Records excerpted from a collection
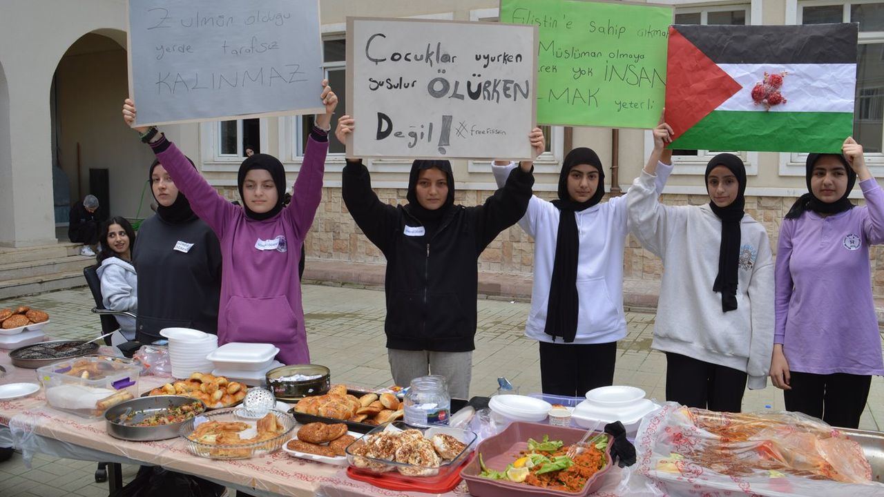 Siirt’te İbrahim Hakkı Kız Anadolu İmam Hatip Lisesi öğrencileri, siyonist rejimin Filistin’in Gazze kentinde gerçekleştirdiği saldırılara dikkat çekmek ve destek sağlamak amacıyla yardım kermesi düzenledi. Öğrenciler tarafından hazırlanan etkinlikte, yiyecek ve el emeği ürünlerin satışının yanı sıra, Gazze’de yaşanan insanlık dramını gözler önüne seren bir resim sergisi ve Kudüs temalı maketler de yer aldı.
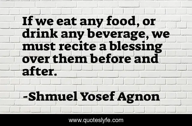 This page presents the quote "If we eat any food, or drink any beverage, we must recite a blessing over them before and after.". Author of this quote is Shmuel Yosef Agnon. This quote is about blessing, eat, drink,.
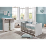 Das moderne Sparset Lotti von arthur berndt in dem Trenddekor Ulme silbergrau ist ein absoluter Hingucker. Es überzeugt außerdem durch seine pflegeleichte Melamin-Oberfläche und seine haptische Dekoroberfläche. Produktdetails: Kinderbett Farbe: weiß Material: Spanplatte, melaminbeschichtet Liegefläche: Breite x Länge 70 x 140 cm Maße: Breite x Länge x Höhe 75 x 142 x 73 cm Gitterseiten mit Rundstäben 3 Schlupfsprossen 4-fach höhenverstellbar Umbaubar zum Juniorbett Trenddekor Ulme silbergrau Made in Germany Wickelkommode Farbe: weiß / natur Farbe Griffe: silber, matt Material: Spanplatte, melaminbeschichtet Material Griffe: Kunststoff Wickelfläche: Breite x Tiefe 85 x 75 cm Maße ohne Wickelaufsatz: Breite x Tiefe x Höhe 88 x 37 x 92 cm Maße mit Wickelaufsatz: Breite x Tiefe x Höhe 88 x 75 x 100 cm Links / rechts: je 1 Schublade und 1 Einlegeboden Mitte: 2 Einlegeböden Wickelaufsatz ist abnehmbar Made in Germany Im Lieferumfang enthalten: Kinderbett Lattenrost Kommode Wickelaufsatz Achtung: Matratze, Umbauseiten und Dekoration sind nicht im Lieferumfang enthalten
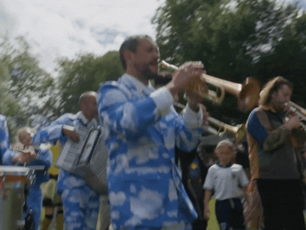 A celebratory brass band parade of flamboyance, fun & frolicks
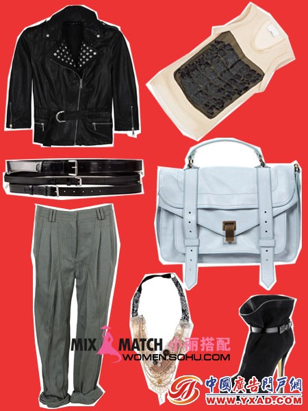 搭配建议:黑色短款夹克劲酷有型,下配翻边西装裤,瞬间精明干练的都市女郎。机车包和及踝靴更舔新意。
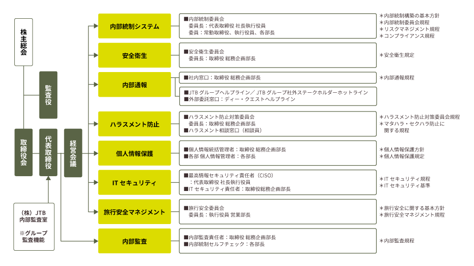 さらに、委員会や責任者、窓口担当と社内規程をもって設置し、リスクマネジメント体制を
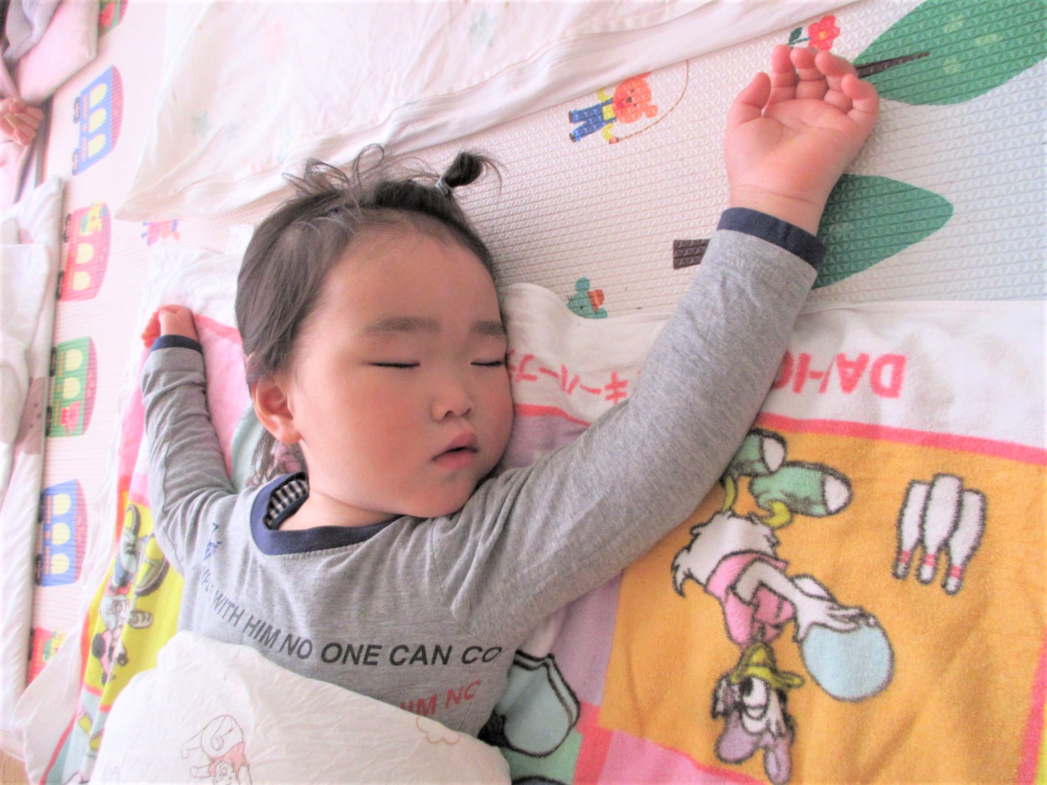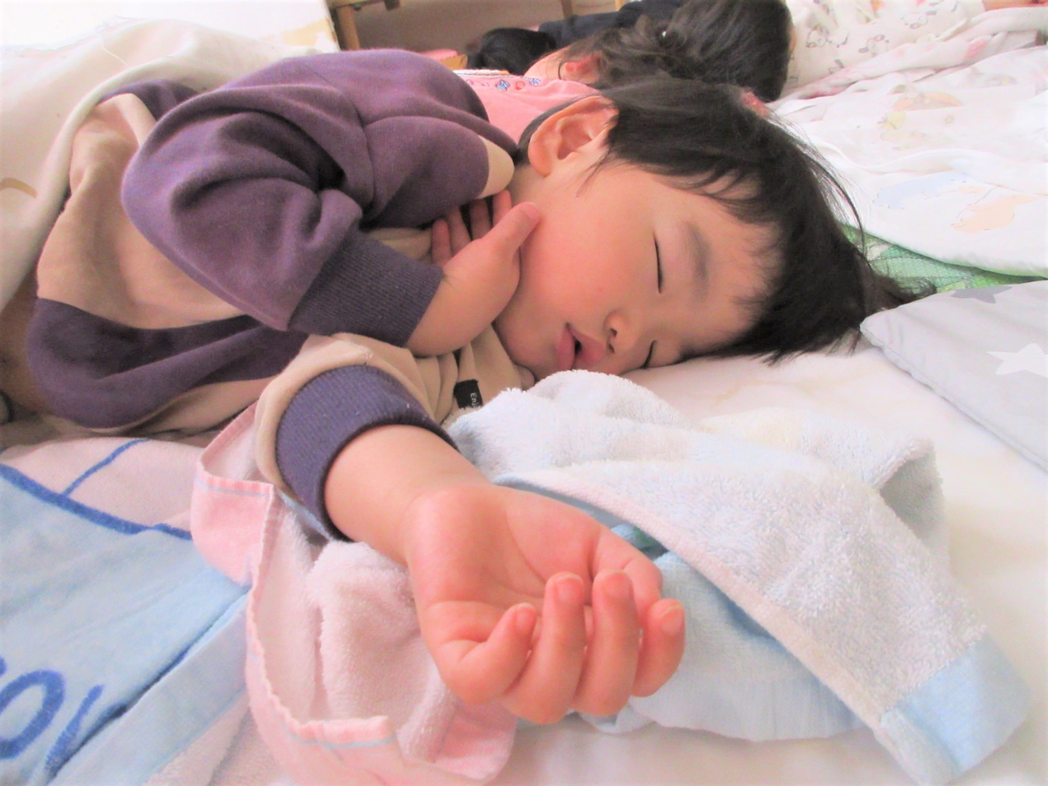 遊びとお腹が満たされて布団に入ると“きもちいい♪”という経験を積み重ねていくことで
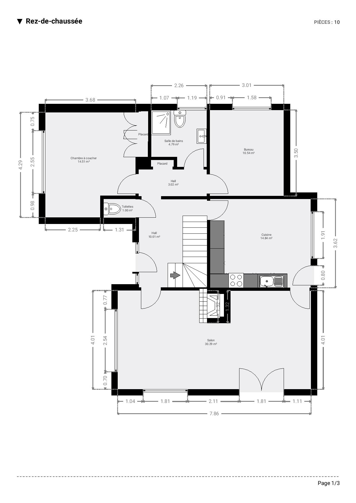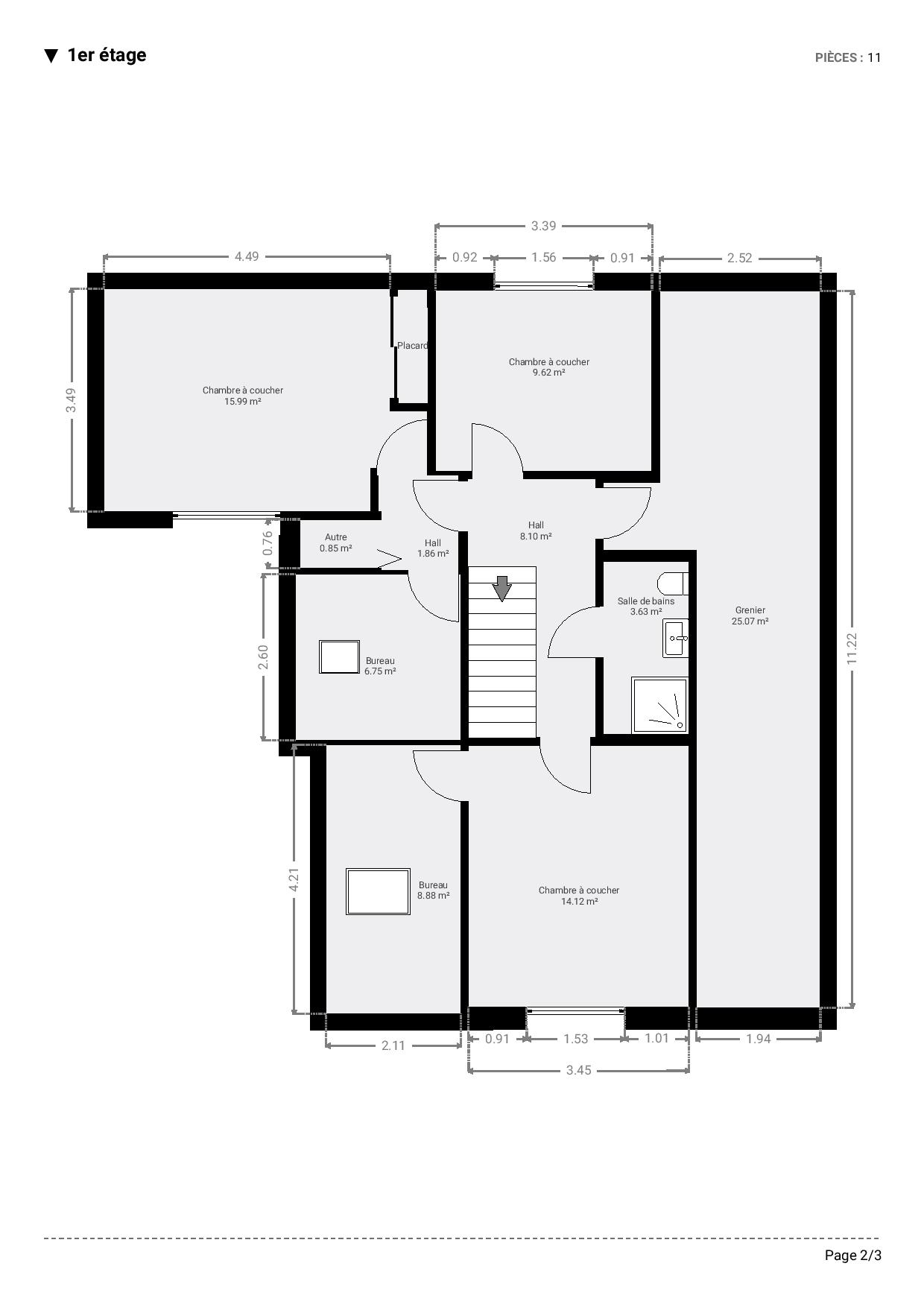 - À l’étage : hall de nuit, trois chambres 🛏️, bureau, salle de bains et grenier.
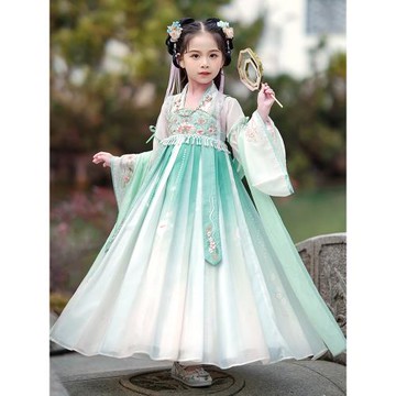 兒童漢服女童2023年春季古裝襦裙甜美民族風小女孩新款唐裝連衣裙
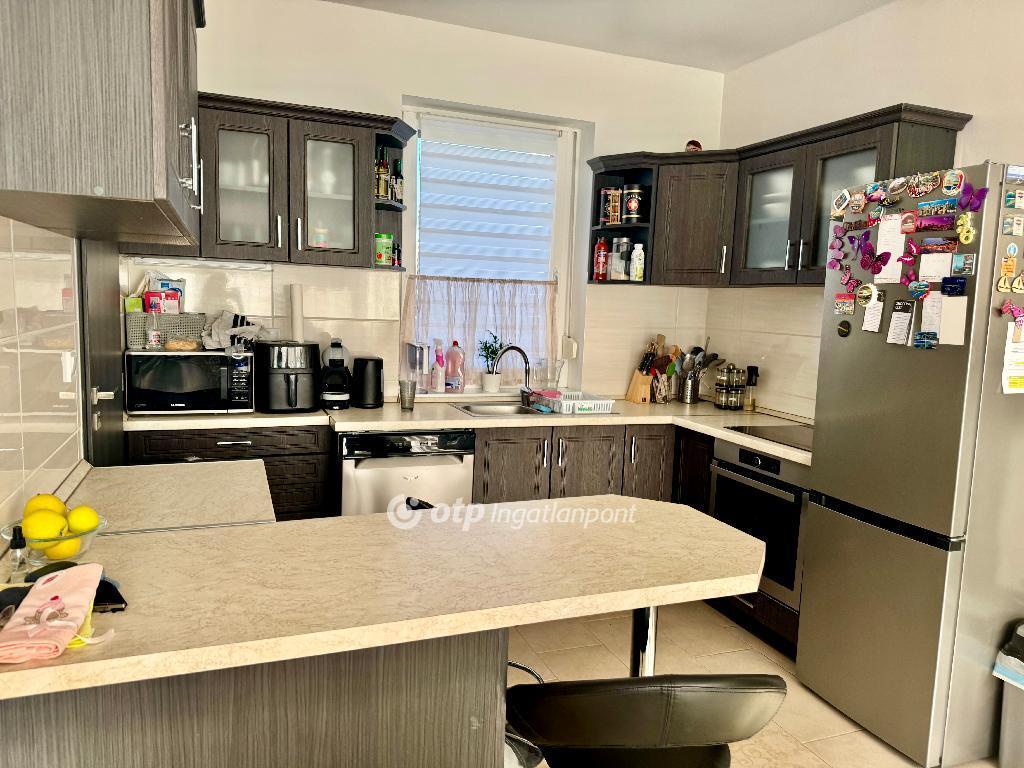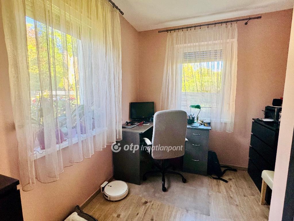 A belső elrendezés az átláthatóságra és életszerű használatra épül: a tágas, amerikai konyhás nappali köré szerveződnek a helyiségek; három félszoba, külön előszoba, spájz és gépészeti helyiség, tágas fürdőszoba és külön WC adja a mindennapok kényelmét. A ház előtt fedett, térkövezett beálló két autót fogad, emellett egy körülbelül 15 négyzetméteres, jelenleg tárolóként használt garázs is rendelkezésre áll. A kert kifejezetten könnyen karbantartható, teljesen körbekerített és praktikusan használható.
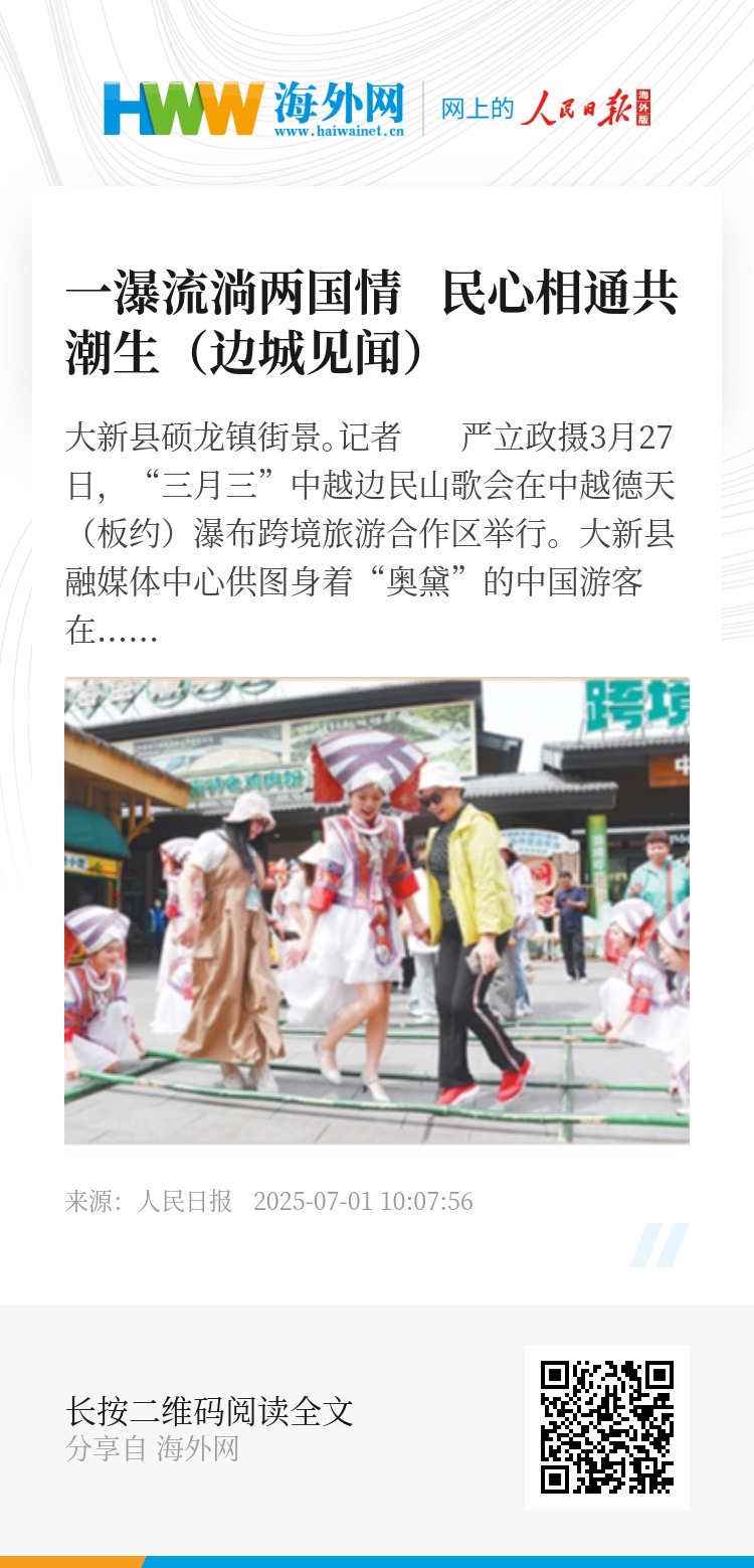 瀑声、歌声、赞美声、欢呼声……美妙的中越和鸣,也是美好的文化交响。“中越儿女心相连——”许秀珍的山歌越唱越响亮,呗侬心里越来越敞亮。
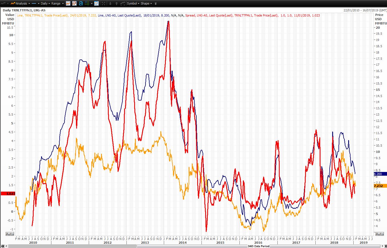 In December and January, the Dutch gas price, which is used as a benchmark for LNG delivered to continental Europe, had been at the highest level since the winter of 2013-2014 at around $7.7 per million British thermal units (MmBtu), compared to previous winter seasons. Rising coal and carbon prices as well as expectations of cold weather have driven them up.

> [ABOUT THIS EXERCISE]
Exact copy, pictures excluded: every line above from the one containing "Das moderne Sparset" to the one containing "兒童漢服女童2023年春季古裝襦裙甜美民族風小女孩新款唐裝連衣裙", inclusive, and nothing more.

> [SOLUTION TO THE EXERCISE]
 Das moderne Sparset Lotti von arthur berndt in dem Trenddekor Ulme silbergrau ist ein absoluter Hingucker. Es überzeugt außerdem durch seine pflegeleichte Melamin-Oberfläche und seine haptische Dekoroberfläche. Produktdetails: Kinderbett Farbe: weiß Material: Spanplatte, melaminbeschichtet Liegefläche: Breite x Länge 70 x 140 cm Maße: Breite x Länge x Höhe 75 x 142 x 73 cm Gitterseiten mit Rundstäben 3 Schlupfsprossen 4-fach höhenverstellbar Umbaubar zum Juniorbett Trenddekor Ulme silbergrau Made in Germany Wickelkommode Farbe: weiß / natur Farbe Griffe: silber, matt Material: Spanplatte, melaminbeschichtet Material Griffe: Kunststoff Wickelfläche: Breite x Tiefe 85 x 75 cm Maße ohne Wickelaufsatz: Breite x Tiefe x Höhe 88 x 37 x 92 cm Maße mit Wickelaufsatz: Breite x Tiefe x Höhe 88 x 75 x 100 cm Links / rechts: je 1 Schublade und 1 Einlegeboden Mitte: 2 Einlegeböden Wickelaufsatz ist abnehmbar Made in Germany Im Lieferumfang enthalten: Kinderbett Lattenrost Kommode Wickelaufsatz Achtung: Matratze, Umbauseiten und Dekoration sind nicht im Lieferumfang enthalten
 A celebratory brass band parade of flamboyance, fun & frolicks
 搭配建议:黑色短款夹克劲酷有型,下配翻边西装裤,瞬间精明干练的都市女郎。机车包和及踝靴更舔新意。
 さらに、委員会や責任者、窓口担当と社内規程をもって設置し、リスクマネジメント体制を
 遊びとお腹が満たされて布団に入ると“きもちいい♪”という経験を積み重ねていくことで
 - À l’étage : hall de nuit, trois chambres 🛏️, bureau, salle de bains et grenier.
 兒童漢服女童2023年春季古裝襦裙甜美民族風小女孩新款唐裝連衣裙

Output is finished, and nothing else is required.